Task details:
Your answer must be an exact copy of the records, minus any pictures.

%%

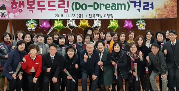 전북지방우정청(청장 김성칠)은 지난 23일 군산 이수연 FC, 완주 원혜정FC, 남원 하서남·김형숙FC, 진안 김정숙FC 등 5명에 대해 올해 3분기 우체국보험 행복두드림(Do-Dream)으로 선정하고 군산우체국에서 격려행사를 개최했다.
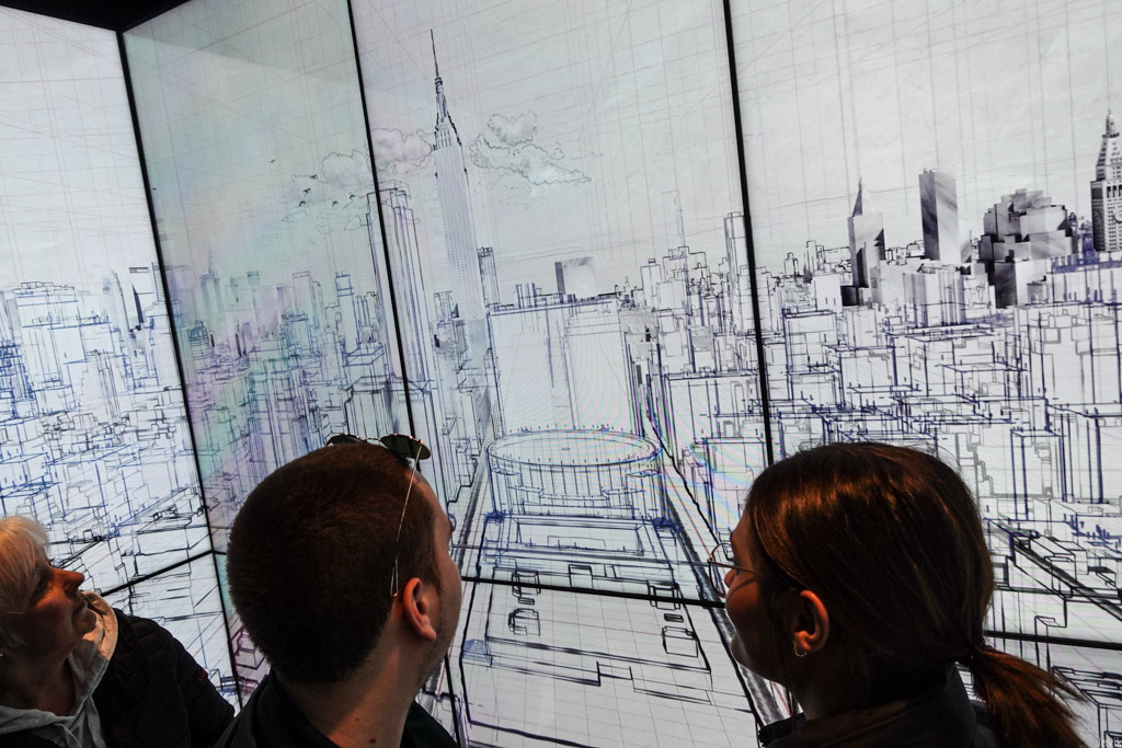 9. То, что лифт по пути к смотровой в наше время не может быть просто обычным скучным лифтом, это правило, кажется, где-то закондадательно прописано. По крайней мере все новые площадки стараются как-то выпендриться. В данном случае - стены лифта это дисплеи, на которых изображены здания города. Сперва - в виде эскиза, потом - как чертёж...
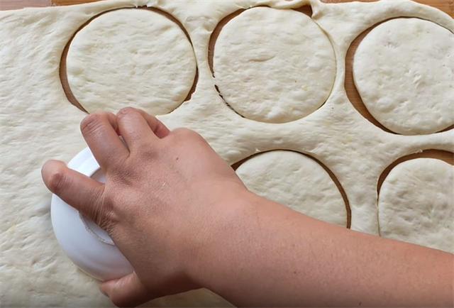 3.然后我们把它擀成椭圆形或者是长方形的大面饼,擀好以后可以松弛5分钟到10分钟,找一个小碗或者是杯口扣出一个圆形的小面饼。
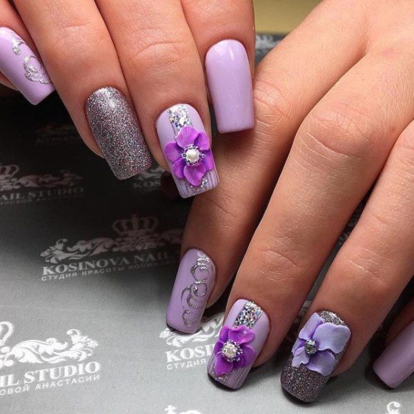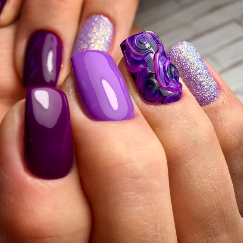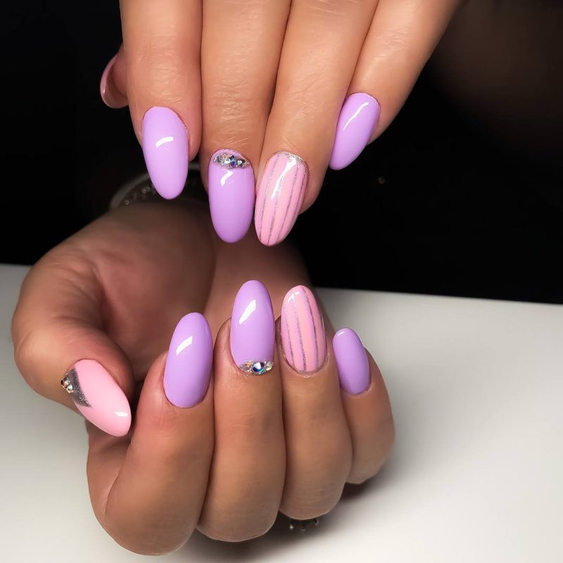 Совет: попробуйте сделать маникюр в стиле разные руки. Каждый ноготок можно окрасить в один из основных тонов сиреневой палитры.
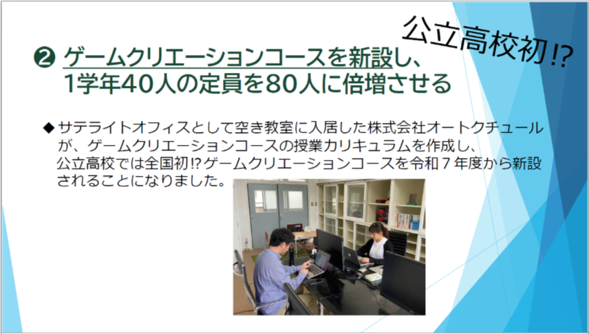オートクチュール社の協力を得て、ゲームクリエイターを養成するための授業カリキュラムも作成。令和7年度から公立高校では珍しいゲームクリエーションコースの新設も決め、それに合わせて定員も80人に倍増させた。現在、サテライトオフィスに在駐する現役クリエイターが授業の補助や部活動の支援も行っているという。

%%

Result for this exercise:
 전북지방우정청(청장 김성칠)은 지난 23일 군산 이수연 FC, 완주 원혜정FC, 남원 하서남·김형숙FC, 진안 김정숙FC 등 5명에 대해 올해 3분기 우체국보험 행복두드림(Do-Dream)으로 선정하고 군산우체국에서 격려행사를 개최했다.
 9. То, что лифт по пути к смотровой в наше время не может быть просто обычным скучным лифтом, это правило, кажется, где-то закондадательно прописано. По крайней мере все новые площадки стараются как-то выпендриться. В данном случае - стены лифта это дисплеи, на которых изображены здания города. Сперва - в виде эскиза, потом - как чертёж...
 3.然后我们把它擀成椭圆形或者是长方形的大面饼,擀好以后可以松弛5分钟到10分钟,找一个小碗或者是杯口扣出一个圆形的小面饼。
 Совет: попробуйте сделать маникюр в стиле разные руки. Каждый ноготок можно окрасить в один из основных тонов сиреневой палитры.
オートクチュール社の協力を得て、ゲームクリエイターを養成するための授業カリキュラムも作成。令和7年度から公立高校では珍しいゲームクリエーションコースの新設も決め、それに合わせて定員も80人に倍増させた。現在、サテライトオフィスに在駐する現役クリエイターが授業の補助や部活動の支援も行っているという。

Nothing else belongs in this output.